* _AIM OF THE EXERCISE_
Transcribe only the lines in the data below falling between the line with "নিজস্ব প্রতিনিধি : মানিকগঞ্জ" and the line with "林虎書記在典禮上作了熱情洋溢", including those two lines, and leave out any picture.

* _PROVIDED RECORDS_
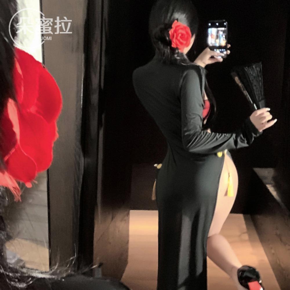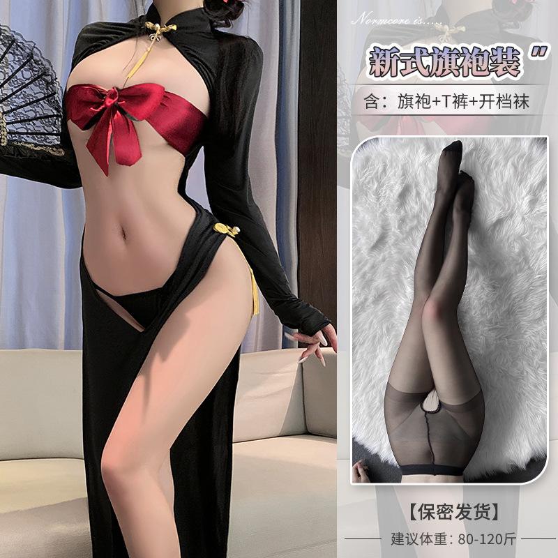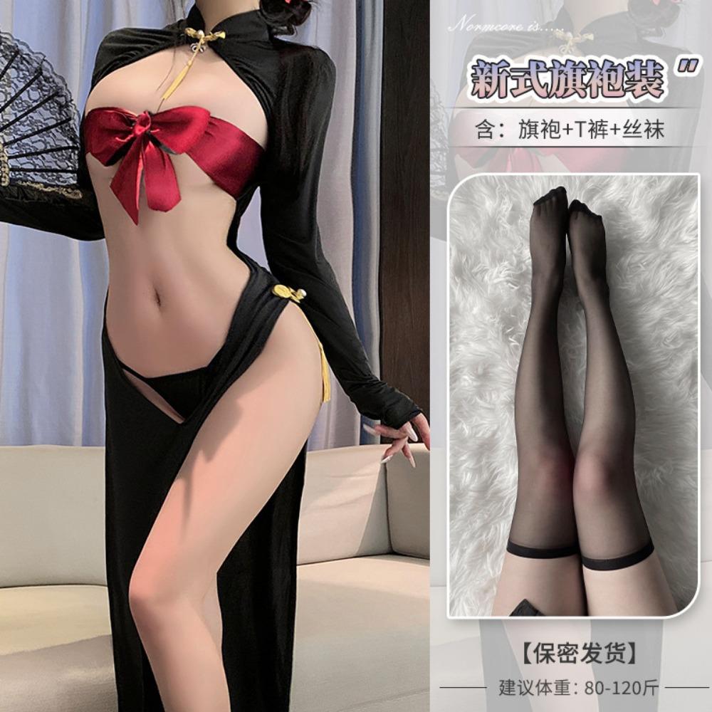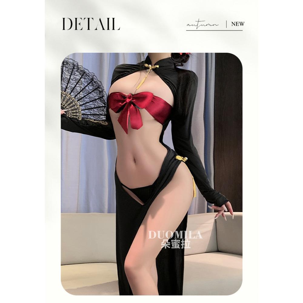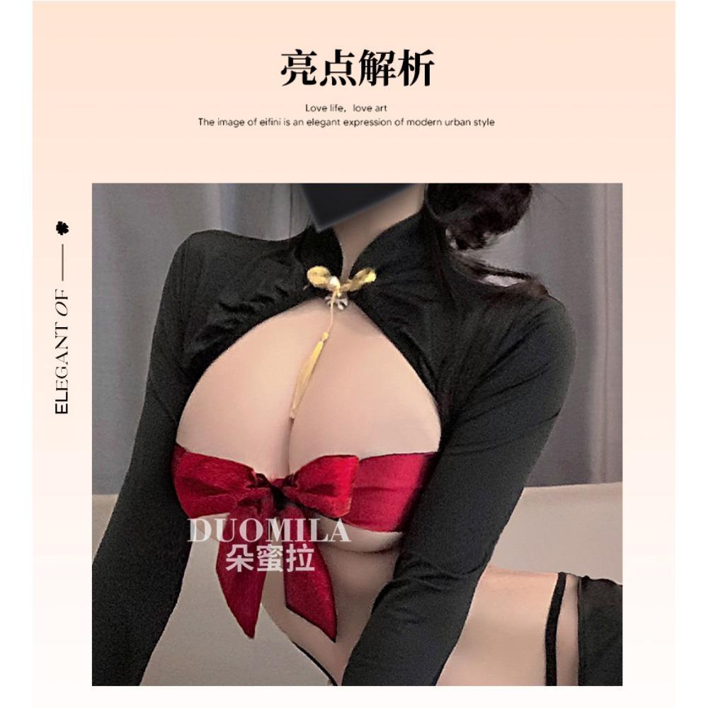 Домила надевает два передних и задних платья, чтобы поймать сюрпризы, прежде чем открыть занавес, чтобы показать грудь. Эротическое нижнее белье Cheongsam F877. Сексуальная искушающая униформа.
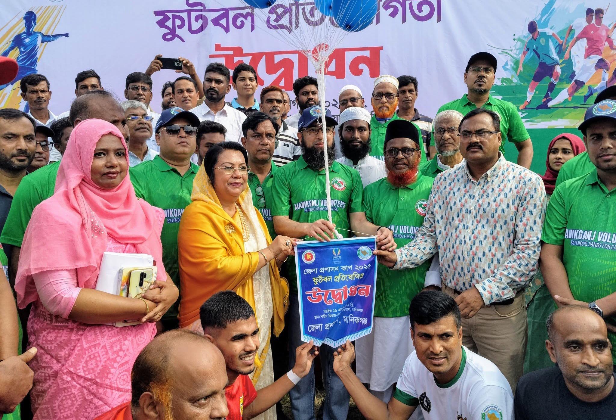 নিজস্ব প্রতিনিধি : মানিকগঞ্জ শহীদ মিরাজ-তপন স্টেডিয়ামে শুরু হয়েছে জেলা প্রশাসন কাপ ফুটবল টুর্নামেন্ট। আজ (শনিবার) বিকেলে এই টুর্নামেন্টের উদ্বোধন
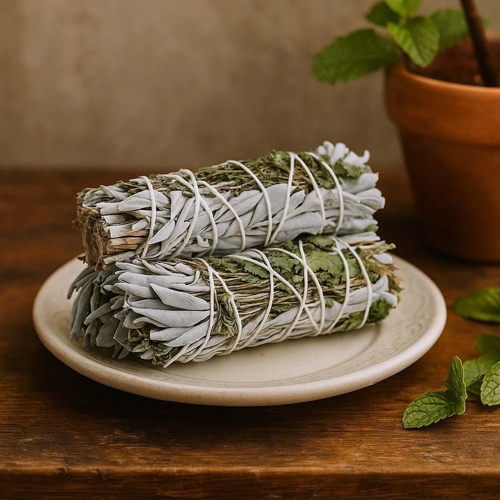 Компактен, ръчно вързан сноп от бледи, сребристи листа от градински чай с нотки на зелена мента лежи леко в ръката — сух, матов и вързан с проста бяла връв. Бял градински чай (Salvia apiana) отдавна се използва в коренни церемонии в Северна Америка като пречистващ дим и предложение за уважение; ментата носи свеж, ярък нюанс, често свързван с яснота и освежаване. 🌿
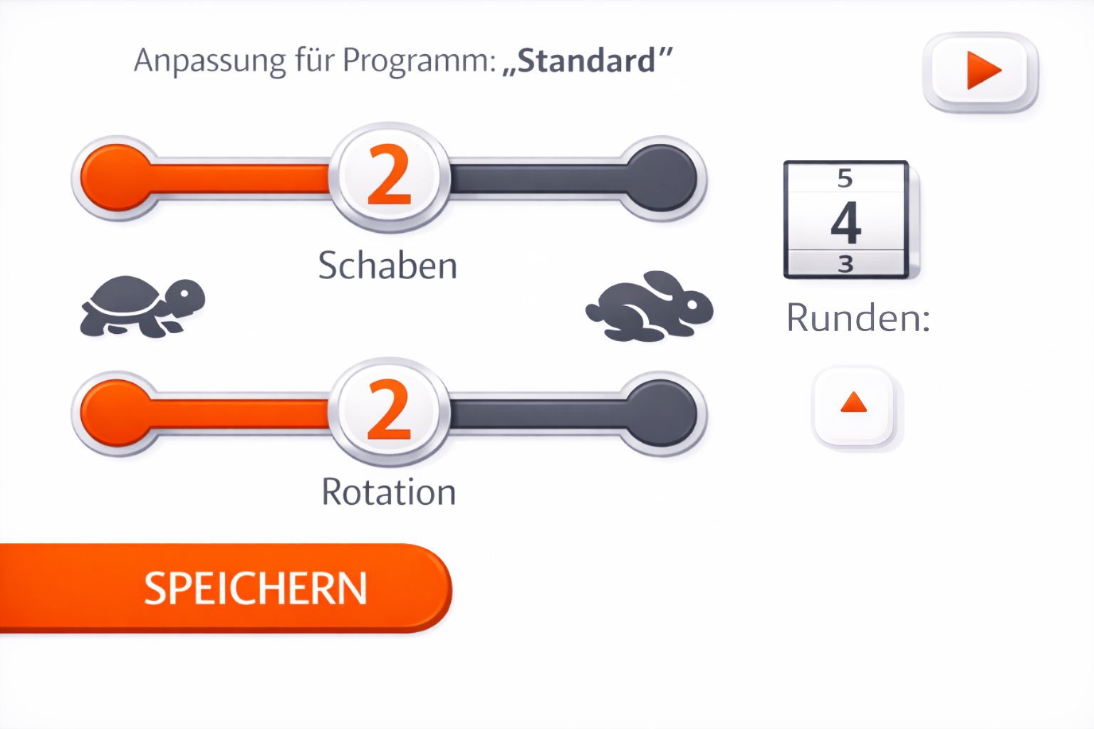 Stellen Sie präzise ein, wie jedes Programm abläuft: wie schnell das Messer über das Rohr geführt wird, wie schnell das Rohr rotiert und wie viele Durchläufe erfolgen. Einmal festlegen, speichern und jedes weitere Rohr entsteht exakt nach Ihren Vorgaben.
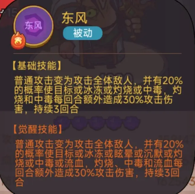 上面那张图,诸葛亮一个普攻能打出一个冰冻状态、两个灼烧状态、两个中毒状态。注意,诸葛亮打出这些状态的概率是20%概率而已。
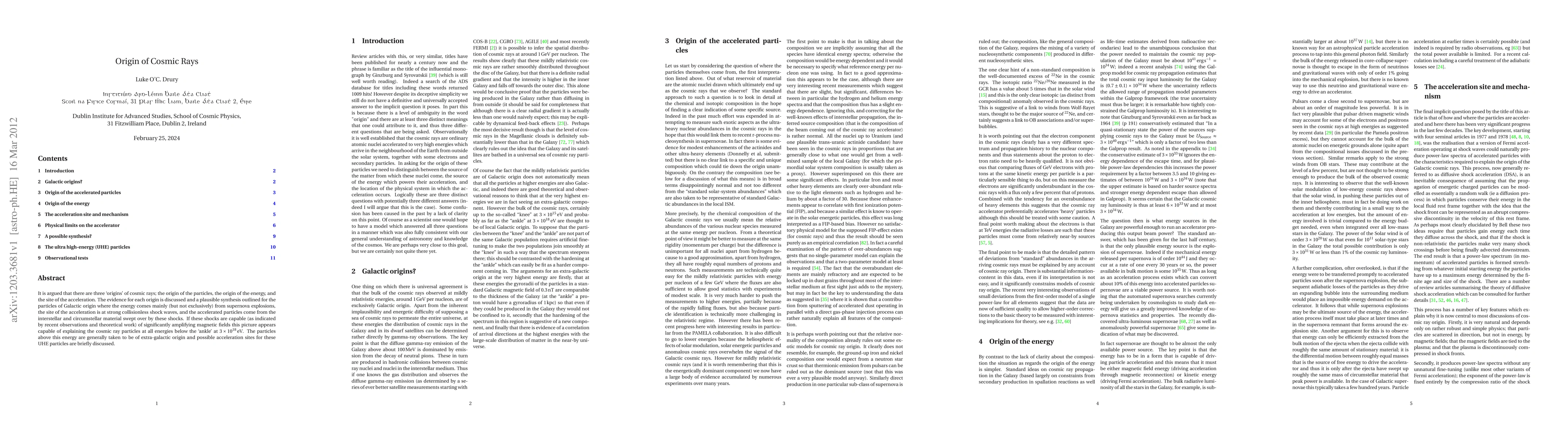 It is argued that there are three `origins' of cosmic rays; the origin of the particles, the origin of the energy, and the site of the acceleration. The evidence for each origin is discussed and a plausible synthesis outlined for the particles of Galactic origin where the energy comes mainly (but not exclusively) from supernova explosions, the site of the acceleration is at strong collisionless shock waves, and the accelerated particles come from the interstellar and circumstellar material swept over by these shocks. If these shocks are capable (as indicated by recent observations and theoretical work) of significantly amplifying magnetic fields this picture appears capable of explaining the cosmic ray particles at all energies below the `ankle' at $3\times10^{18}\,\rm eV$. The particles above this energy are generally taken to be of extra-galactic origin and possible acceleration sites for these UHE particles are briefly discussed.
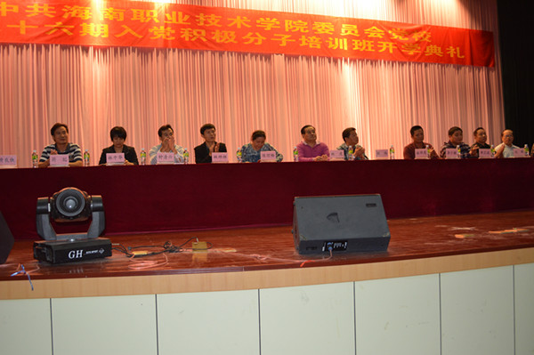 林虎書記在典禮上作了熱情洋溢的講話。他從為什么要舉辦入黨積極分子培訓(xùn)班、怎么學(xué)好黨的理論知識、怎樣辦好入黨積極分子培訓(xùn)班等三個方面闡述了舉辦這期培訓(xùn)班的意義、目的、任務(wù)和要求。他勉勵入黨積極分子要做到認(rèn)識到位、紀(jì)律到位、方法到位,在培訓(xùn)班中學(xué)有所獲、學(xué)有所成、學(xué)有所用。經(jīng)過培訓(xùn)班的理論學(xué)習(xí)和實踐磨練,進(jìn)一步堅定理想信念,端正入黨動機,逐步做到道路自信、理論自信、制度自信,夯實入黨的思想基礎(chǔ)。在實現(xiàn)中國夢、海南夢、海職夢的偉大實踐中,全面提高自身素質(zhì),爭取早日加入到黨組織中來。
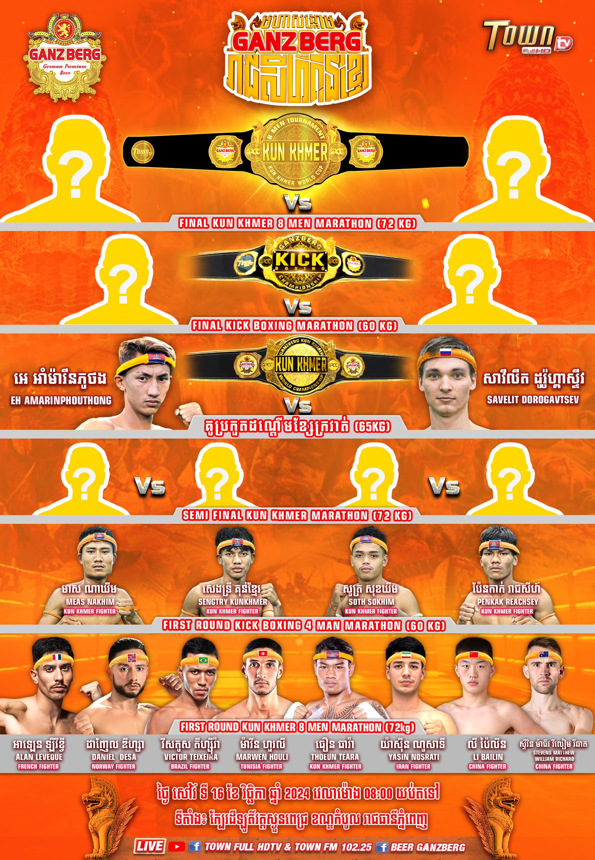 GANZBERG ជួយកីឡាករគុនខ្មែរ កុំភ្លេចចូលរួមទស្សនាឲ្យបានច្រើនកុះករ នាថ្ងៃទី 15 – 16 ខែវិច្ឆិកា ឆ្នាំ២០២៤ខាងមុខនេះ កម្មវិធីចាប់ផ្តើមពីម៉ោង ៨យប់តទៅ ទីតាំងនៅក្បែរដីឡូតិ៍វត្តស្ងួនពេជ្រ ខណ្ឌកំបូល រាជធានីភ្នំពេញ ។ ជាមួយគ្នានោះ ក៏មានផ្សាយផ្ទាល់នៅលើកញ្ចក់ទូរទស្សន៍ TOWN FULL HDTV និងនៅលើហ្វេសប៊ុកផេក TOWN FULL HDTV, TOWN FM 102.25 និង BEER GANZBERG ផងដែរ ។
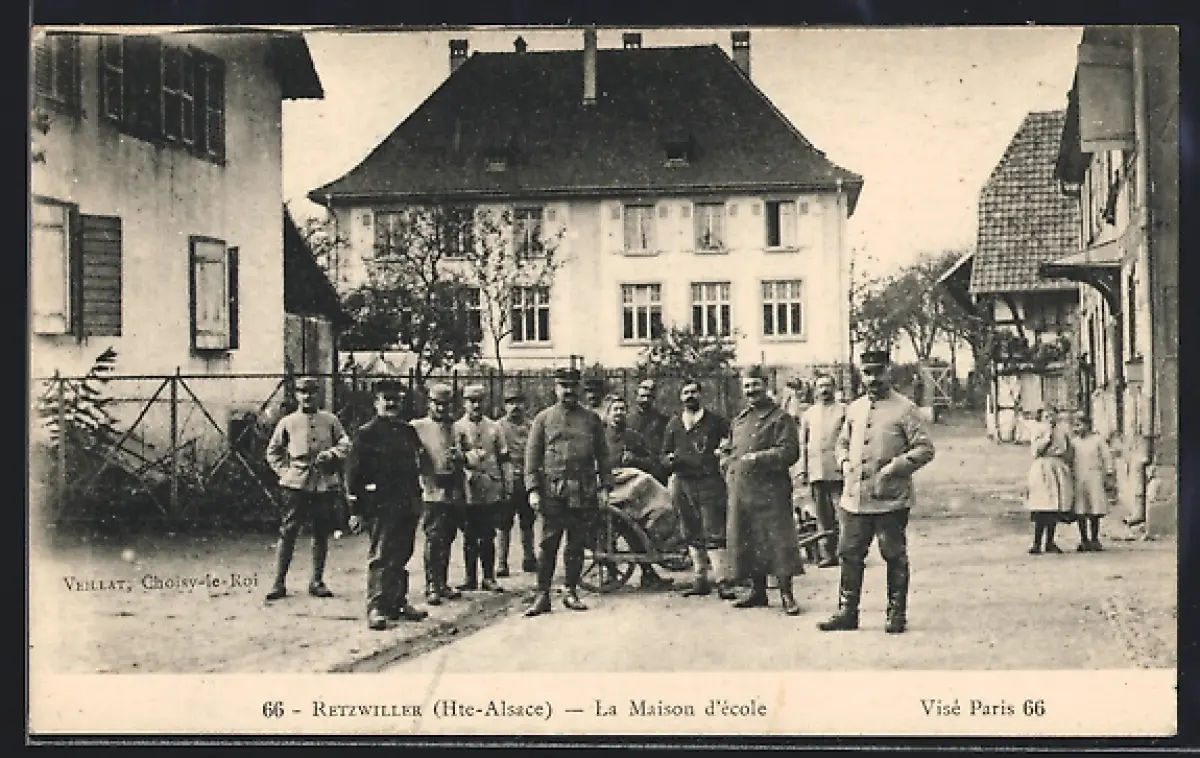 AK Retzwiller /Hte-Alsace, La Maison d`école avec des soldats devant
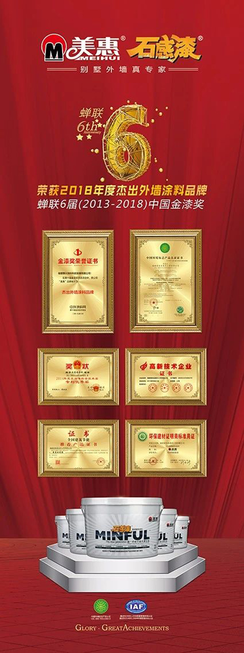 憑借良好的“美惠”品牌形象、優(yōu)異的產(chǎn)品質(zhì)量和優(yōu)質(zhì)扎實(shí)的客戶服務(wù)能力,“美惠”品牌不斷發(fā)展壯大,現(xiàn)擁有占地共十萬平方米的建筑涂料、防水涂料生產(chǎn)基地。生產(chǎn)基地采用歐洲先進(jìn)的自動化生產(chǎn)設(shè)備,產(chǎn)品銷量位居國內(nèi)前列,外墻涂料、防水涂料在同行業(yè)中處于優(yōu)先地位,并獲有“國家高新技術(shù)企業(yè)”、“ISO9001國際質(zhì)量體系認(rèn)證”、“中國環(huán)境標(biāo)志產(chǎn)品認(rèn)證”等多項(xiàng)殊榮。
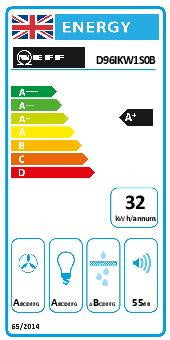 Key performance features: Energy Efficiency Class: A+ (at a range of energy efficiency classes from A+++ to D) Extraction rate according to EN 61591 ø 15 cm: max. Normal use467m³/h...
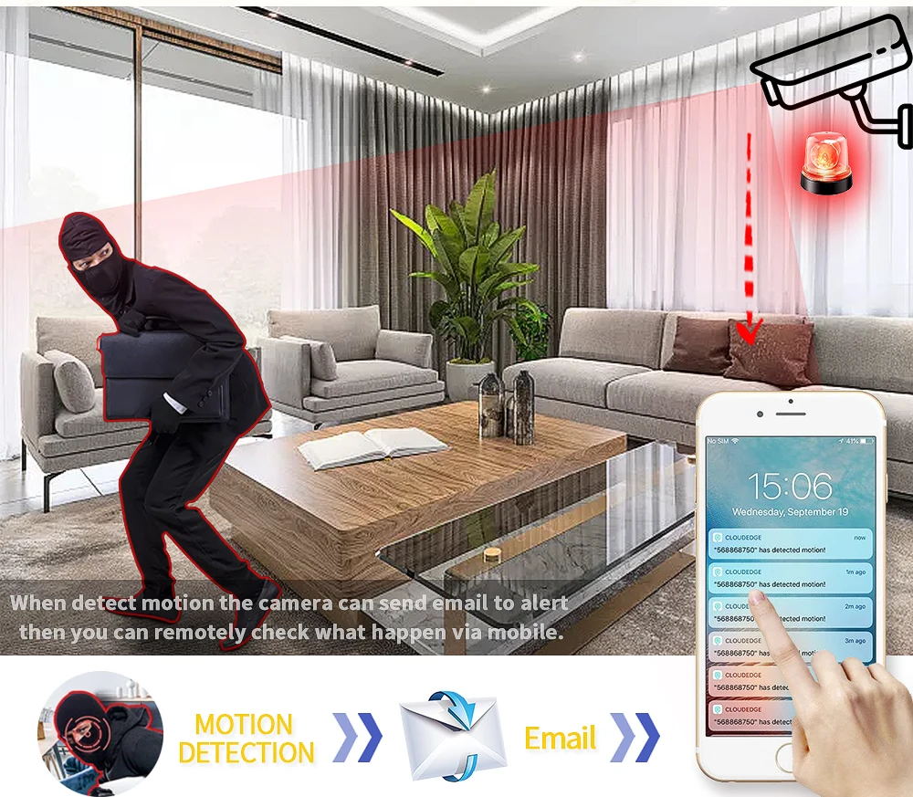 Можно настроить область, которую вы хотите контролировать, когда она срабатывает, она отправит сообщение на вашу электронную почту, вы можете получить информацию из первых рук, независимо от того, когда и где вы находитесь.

* _SOLUTION BELOW_
 নিজস্ব প্রতিনিধি : মানিকগঞ্জ শহীদ মিরাজ-তপন স্টেডিয়ামে শুরু হয়েছে জেলা প্রশাসন কাপ ফুটবল টুর্নামেন্ট। আজ (শনিবার) বিকেলে এই টুর্নামেন্টের উদ্বোধন
 Компактен, ръчно вързан сноп от бледи, сребристи листа от градински чай с нотки на зелена мента лежи леко в ръката — сух, матов и вързан с проста бяла връв. Бял градински чай (Salvia apiana) отдавна се използва в коренни церемонии в Северна Америка като пречистващ дим и предложение за уважение; ментата носи свеж, ярък нюанс, често свързван с яснота и освежаване. 🌿
 Stellen Sie präzise ein, wie jedes Programm abläuft: wie schnell das Messer über das Rohr geführt wird, wie schnell das Rohr rotiert und wie viele Durchläufe erfolgen. Einmal festlegen, speichern und jedes weitere Rohr entsteht exakt nach Ihren Vorgaben.
 上面那张图,诸葛亮一个普攻能打出一个冰冻状态、两个灼烧状态、两个中毒状态。注意,诸葛亮打出这些状态的概率是20%概率而已。
 It is argued that there are three `origins' of cosmic rays; the origin of the particles, the origin of the energy, and the site of the acceleration. The evidence for each origin is discussed and a plausible synthesis outlined for the particles of Galactic origin where the energy comes mainly (but not exclusively) from supernova explosions, the site of the acceleration is at strong collisionless shock waves, and the accelerated particles come from the interstellar and circumstellar material swept over by these shocks. If these shocks are capable (as indicated by recent observations and theoretical work) of significantly amplifying magnetic fields this picture appears capable of explaining the cosmic ray particles at all energies below the `ankle' at $3\times10^{18}\,\rm eV$. The particles above this energy are generally taken to be of extra-galactic origin and possible acceleration sites for these UHE particles are briefly discussed.
 林虎書記在典禮上作了熱情洋溢的講話。他從為什么要舉辦入黨積極分子培訓(xùn)班、怎么學(xué)好黨的理論知識、怎樣辦好入黨積極分子培訓(xùn)班等三個方面闡述了舉辦這期培訓(xùn)班的意義、目的、任務(wù)和要求。他勉勵入黨積極分子要做到認(rèn)識到位、紀(jì)律到位、方法到位,在培訓(xùn)班中學(xué)有所獲、學(xué)有所成、學(xué)有所用。經(jīng)過培訓(xùn)班的理論學(xué)習(xí)和實踐磨練,進(jìn)一步堅定理想信念,端正入黨動機,逐步做到道路自信、理論自信、制度自信,夯實入黨的思想基礎(chǔ)。在實現(xiàn)中國夢、海南夢、海職夢的偉大實踐中,全面提高自身素質(zhì),爭取早日加入到黨組織中來。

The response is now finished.